Of course this shouldn't apply to Win32 PE DLLs. GCC seems a bit stubborn about that, just because Linux enforced 16-byte alignment at some point on their ABI, it's not the same on Windows.
I don't even understand why the GCC devs have so many workarounds for this. Why does -msse2 or SSE even matter at all? The simple fact is that incoming alignment is only guaranteed to be 4 bytes on some platforms, such as i686-MinGW (32-bit Windows PE), and GCC should realign the stack *if* it needs more alignment than that, SSE or not. **Any** variable requiring more alignment should enforce that.

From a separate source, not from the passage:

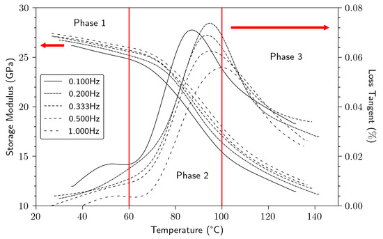 - Phase 1, when T < 60 °C, characterized by a dominant elastic behavior (E′ > E″). Moreover, we notice a slight loss of the E′ modulus with the temperature increase. It is a typical behavior of a thermoset composite in a glassy state [38,39].

To be clear, I'm not trying to defend GCC's historic decisions here; I think that maintaining compatibility with the de-facto MSVC ABI would have been the right choice. I do not think that fixing the problem partially like that was a very well though out idea. Happily, there may be motion to rectify that now.
BTW here's an example of incoming=2 and preferred=4: it will assume incoming stack (if function is not static, that is, since it doesn't know the caller) is 4 byte aligned, and so it will realign it since it "prefers" 16 bytes, whether it actually needs 16 byte alignment or not.
incoming=2 and preferred=2 won't realign unless a variable explicitly requires more than 4 bytes alignment, so it's the most ideal, and how MSVC behaves when building 32-bit.
Ah, I see, that makes sense. And -mpreferred-stack-boundary implies a maximum for -mincoming-stack-boundary.
I will assert the naming is confusing; you'd expect "preferred" to be optional in some respect.